The college football season started with great hope or at least the possibility of greater achievements for a number of head coaches, but seasons did not go according to plan, and now coaches have to face the reality that they will soon have to look for employment in other places. Which four coaches have not yet been fired but who soon will be at the end of the regular season? Here are the four college football coaches certain to be handed a pink slip.
Kevin Sumlin, Texas A&M Aggies
The Aggies are staggering to the finish line this season. They won’t win more than eight games – if they even get there. One could say there is an outside chance that Sumlin could save his job by winning at LSU. However, even if he does that, it’s yet another very disappointing season for an Aggie team which can’t find ways to win SEC games at home. The Aggies won just one SEC home game this season and have not won a home game in their division since 2015. That is simply too many home games to lose for a program which has renovated its stadium, Kyle Field. Boosters and other people who support the A&M program are tired of a lot of repetitive patterns, and they have seen the same script play out many times before. They don’t believe that Sumlin can break through the chains of mediocrity. When it is widely felt that a coach will not turn the corner at a given program, that coach’s time is generally up.
Sumlin can use a fresh start for his career, anyway. A&M insiders have humiliated him in public, and he has been the recipient of hateful speech at points earlier this season.
Bret Bielema, Arkansas Razorbacks
The University of Arkansas fired athletic director Jeff Long on Wednesday, which guaranteed Bielema’s exit at the end of this season. Long hired Bielema to take over for interim head coach John L. Smith, who served one year in an emergency capacity after the Bobby Petrino motorcycle ride, affair, and interdepartmental scandal at Arkansas, which blew up in 2011. Long got to replace Petrino, but he will not get to replace Bielema. That will be for another person to handle, but it is easy for Bielema to go at this point. It would make no sense for a new athletic director to keep Bielema. That new AD has a clear mandate from the school to find a new coach, whoever he might be. Bielema has shown no signs that this program has an inkling of optimism for the future. He is done.
David Bailiff, Rice Owls
The Owls have gone steadily downward over the years, and it was felt by many that Bailiff should have been fired at the end of last season. Now, after another miserable and depressing season, it is clear that Bailiff’s tenure is at an end. The string has been played out and there is no ambiguity in the matter. Everyone close to the situation agrees that Rice needs to start all over again, and people in the college football industry agree.

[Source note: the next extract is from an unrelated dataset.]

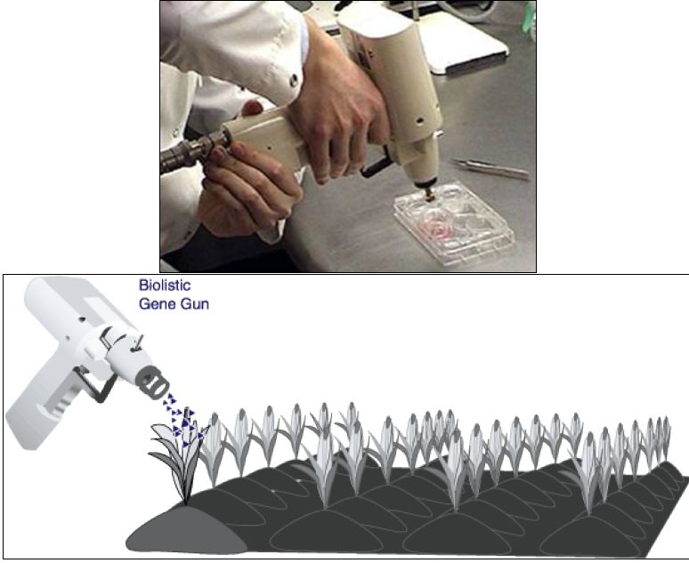 وسيلة تستعمل لدفع الجينات إلى داخل الخلايا أو أنوية الخلايا مثل المحاقن وتطلق المواد الوراثية المرسبة على سطوح معادن ثقيلة مثل الذهب والتنكستن بسرعة تصل إلى سرعة الصوت لتستقر في المادة الوراثية

Matt Luke, Ole Miss Rebels
The interim head coach for Ole Miss has not done a bad job after Hugh Freeze ruined his career for immoral and unethical behavior which internally damaged the Rebel program. However, turning an interim into a permanent coach demands a difficult analysis, and it is a high threshold for coaches to make the jump from interim to permanent. Interim coaches don’t coach with the same pressure or stakes of a permanent coach. There is not a long-term sense of responsibility or a long-range plan in place. Luke will be an assistant coach or maybe a head coach at a smaller school as a result of the job he did this year, but Ole Miss will want a more proven and established head coach. Luke will move somewhere else.